Fig. 5 shows an outlet coupling 100 for use with a sealant container 1000 which will contain a suitable sealant formulation such as that described in applicant's PCT application WO 2017/075673, the entire contents of which are hereby incorporated by reference. The channel piece 400 has been pressed into an outlet hose 1005, which is typically made of nylon, PVC or similar flexible plastic. The outer rib 405 deforms the outlet hose 1005 around it and prevents it from slipping off. Any sealant container 1000 can be adapted for use with an outlet coupling, as all that is required is an outlet hose 1005 for engagement. However, it is particularly preferred to use containers and kits such as those described in the applicant's previous international application No. PCT/AU2017/050126 or the applicant's previous australian patent application No. AU2016905062, the entire contents of which are hereby incorporated by reference.

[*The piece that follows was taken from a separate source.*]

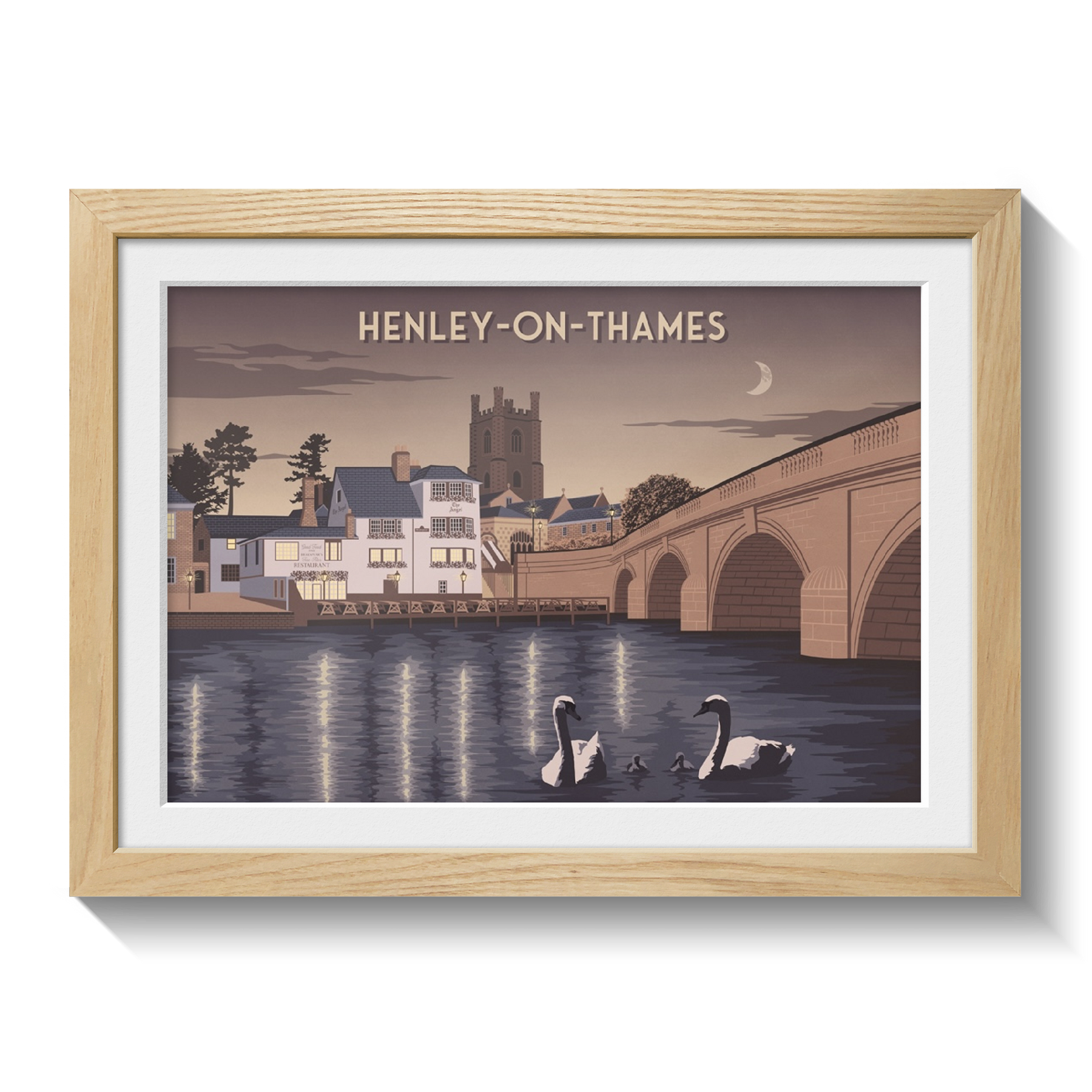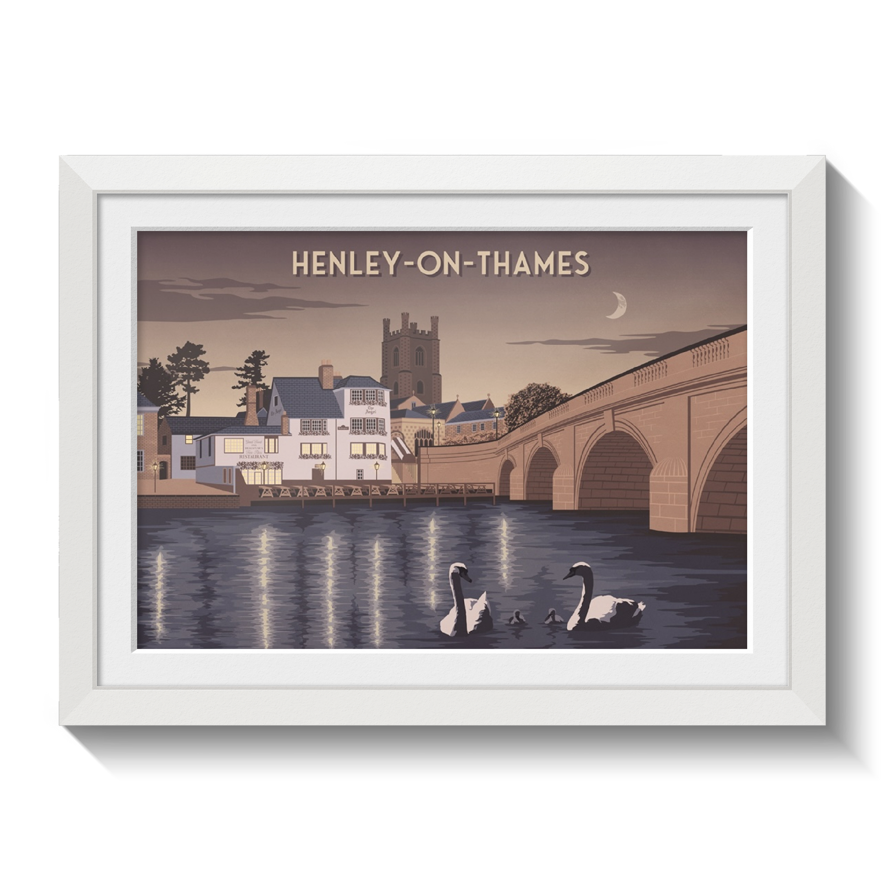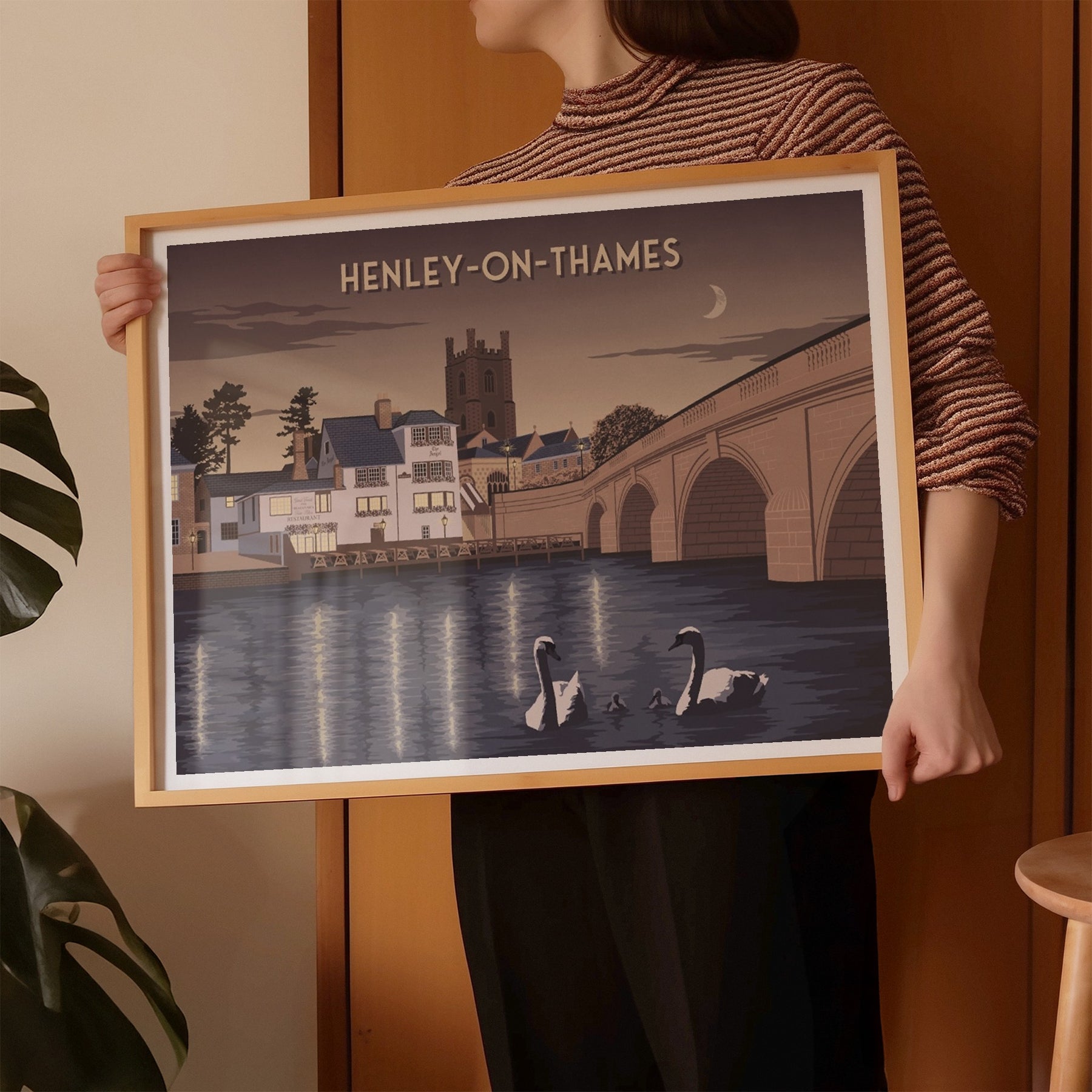 An original travel poster featuring Henley on Thames in Oxfordshire, England home to the famous annual rowing race , the Henley Royal Regatta.

In the embodiment shown in fig. 5, the sealant container 1000 is provided with a cap 1010 through which passes an outlet hose 1005, and a neck inlet 1015 through which compressed air can be provided to provide a pressure increase to force the sealant agent out of the outlet hose 1005. The compressor 1100 drives a pressure increase into the sealant container 1000 through the compressor connector 1105 and provides power through the power cord 1110, which may result in a power connection to a standard automotive power outlet (such as a cigarette lighter outlet). In fig. 5, the tire valve stem has been connected to the outlet coupling 100 and the channel is located within the outlet hose 1005, so activating the compressor will cause the sealant formulation to be forced from the sealant container 1000 through the outlet hose 1005, through the channel 435 and the connector cavity 330, to then pass through the tire valve cartridge and into the tire to seal the puncture.

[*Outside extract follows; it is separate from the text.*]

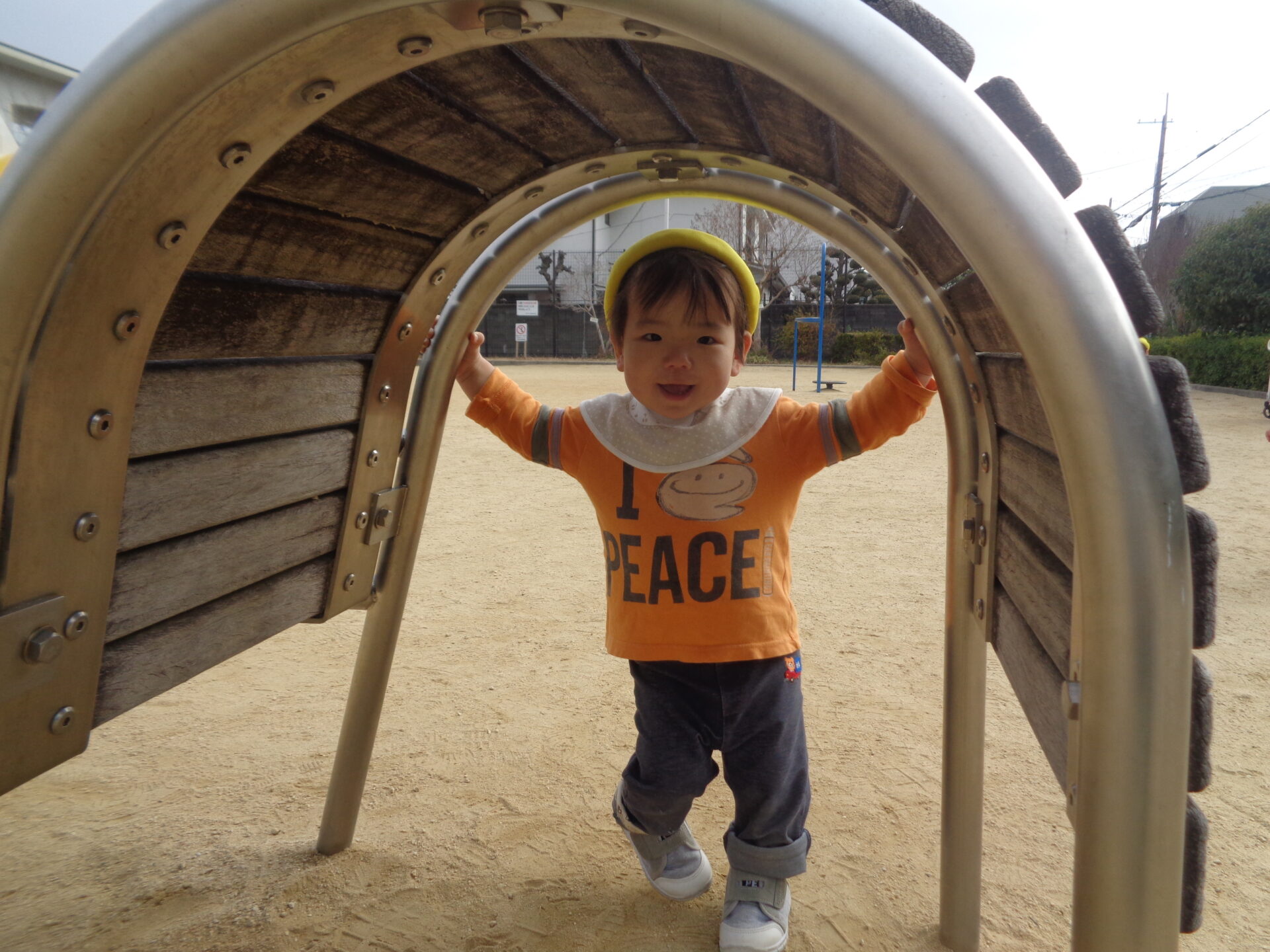 そのことに気付いたお友達は、「お、なんか通れそう!」と思って覗き込み、反対側にカメラを構えていた保育者の姿が見えると、「ばあ!」と言っていました。

Another broad form relates to a pressure relief system for a sealant container. The pressure relief system may be used with any sealant container, but is preferably used with the PET-based container disclosed in the applicant's previous australian patent application No. AU2016905062, but requires modification as discussed below. This is because of the particular challenges associated with plastic sealant containers. The internal pressure generated by the compressor within such a container can be very large and can be too high for the strength of the container. This can lead to explosions and uncontrolled and rapid release of the sealant formulation. Since the pressure generated may vary with the generating device, such as a compressor, it would be beneficial to have a pressure relief system as part of a kit-based universal or after-market sealant container.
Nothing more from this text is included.